To make things worse, wholesalers accelerated the practice of taking drugs out of normal distribution channels, selling them to secondary wholesalers, hoarding them and trying to sell them at inflated prices on the “grey market.”
We’re concerned. Methotrexate, which we use to treat acute lymphoblastic leukemia, the most common childhood cancer, is now in critical shortage. At one point, we could not obtain it—leaving us at the brink of being unable to provide a standard of care established by Sidney Farber’s work here 60 years ago.
Intravenous medications, especially generics, are especially hard-hit.
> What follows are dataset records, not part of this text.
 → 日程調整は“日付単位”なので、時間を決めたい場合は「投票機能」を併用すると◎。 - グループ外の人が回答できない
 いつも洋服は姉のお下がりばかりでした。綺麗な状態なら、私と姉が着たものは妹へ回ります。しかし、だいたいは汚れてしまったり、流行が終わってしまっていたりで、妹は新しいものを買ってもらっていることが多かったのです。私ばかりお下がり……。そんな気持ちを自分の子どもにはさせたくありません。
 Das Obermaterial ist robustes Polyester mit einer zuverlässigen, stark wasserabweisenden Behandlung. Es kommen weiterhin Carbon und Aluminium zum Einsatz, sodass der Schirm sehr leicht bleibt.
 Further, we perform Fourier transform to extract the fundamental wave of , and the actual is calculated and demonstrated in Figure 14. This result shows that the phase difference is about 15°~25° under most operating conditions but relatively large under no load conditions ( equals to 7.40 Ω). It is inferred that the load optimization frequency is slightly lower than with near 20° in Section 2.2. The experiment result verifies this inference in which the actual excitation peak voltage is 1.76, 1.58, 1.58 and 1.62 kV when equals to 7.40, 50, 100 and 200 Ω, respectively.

Over the past year, we’ve had to scramble to provide essential IV nutrition for our premature infants, as every component of total parenteral nutrition (TPN) has been in short supply.
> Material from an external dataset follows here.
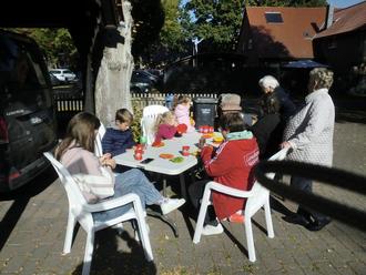 Bei bestem Sonnenschein bastelte die Kindergottesdienstgruppe vor dem Jugendheim in Zasenbeck.

Here’s another example: When babies are born with a heart problem called patent ductus arteriosus—a blood vessel that fails to close at birth—we typically close the vessel by giving IV injections of indomethacin. A shortage of this medication has threatened to force these vulnerable infants to undergo surgery instead.
There are work-arounds and substitutions for some drug shortages, but other times, frankly, we have to resort to hoarding and rationing to protect our patients. We recently learned that chloral hydrate, used for sedation, is going to be discontinued. We bought forward more than a year’s supply to sustain us until we figure out another solution.
Work-arounds can be problematic, especially in critical care settings. Due to possible contamination and recalls, the anesthetic propofol has been in short supply, forcing our intensive care units to use earlier-generation anesthetics that cause nausea and vomiting and take longer to wear off. Even more alarming are the shortages of epinephrine and atropine, essential resuscitation medications that lack any real substitutes.
While the FDA has a small staff devoted to alleviating drug shortages, it has no authority to compel a company to manufacture a drug. It generally won’t allow importation from Europe, which is not experiencing shortages to the extent we are, unless the FDA inspects the facility.
Since an Executive Order issued last fall by President Obama, the FDA is now allowing some importations, like thiotepa from Italy, which we use to treat the pediatric brain tumor medulloblastoma (to the tune of $17,000 a vial). Late last month, the FDA even overrode a drug company patent and allowed a generic version of the ADHD drug Adderall to be marketed.
On July 9, President Obama signed the Food and Drug Administration Safety and Innovation Act into law. Among its provisions is a requirement that manufacturers of certain drugs notify the FDA when they foresee a possible shortage. It also provides for expedited FDA review of proposed manufacturing changes for these drugs. Finally, it clarifies the rules around hospitals’ repackaging of drugs into smaller amounts, a provision especially helpful for pediatrics.
These are small steps, not a comprehensive solution to drug shortages. We will continue to work with the Children’s Hospital Association and others on further legislative strategies to solve this pressing issue.
Has the FDA gone overboard in regulating, as the House Committee on Oversight and Government Reform charged in June? It probably has. But in a drug industry that’s now become global, quality issues are a real concern. Eighty percent of active pharmaceutical ingredients come from the Pacific Rim, where we have no direct control. The tainted baby formula scandal was a dire warning of what can happen when there aren’t tight standards.
Drug shortages (and related price gouging) will likely get worse before they get better. Until then, Boston Children’s and other hospitals will continue to beg, borrow and steal every way we can. If push comes to shove, we will formulate some drugs ourselves. In the meantime, we will build the most resilient safety net possible.
Al Patterson is Director of Pharmacy, Boston Children’s Hospital. He blogs at Vector, the Boston Children’s Hospital science and clinical innovation blog.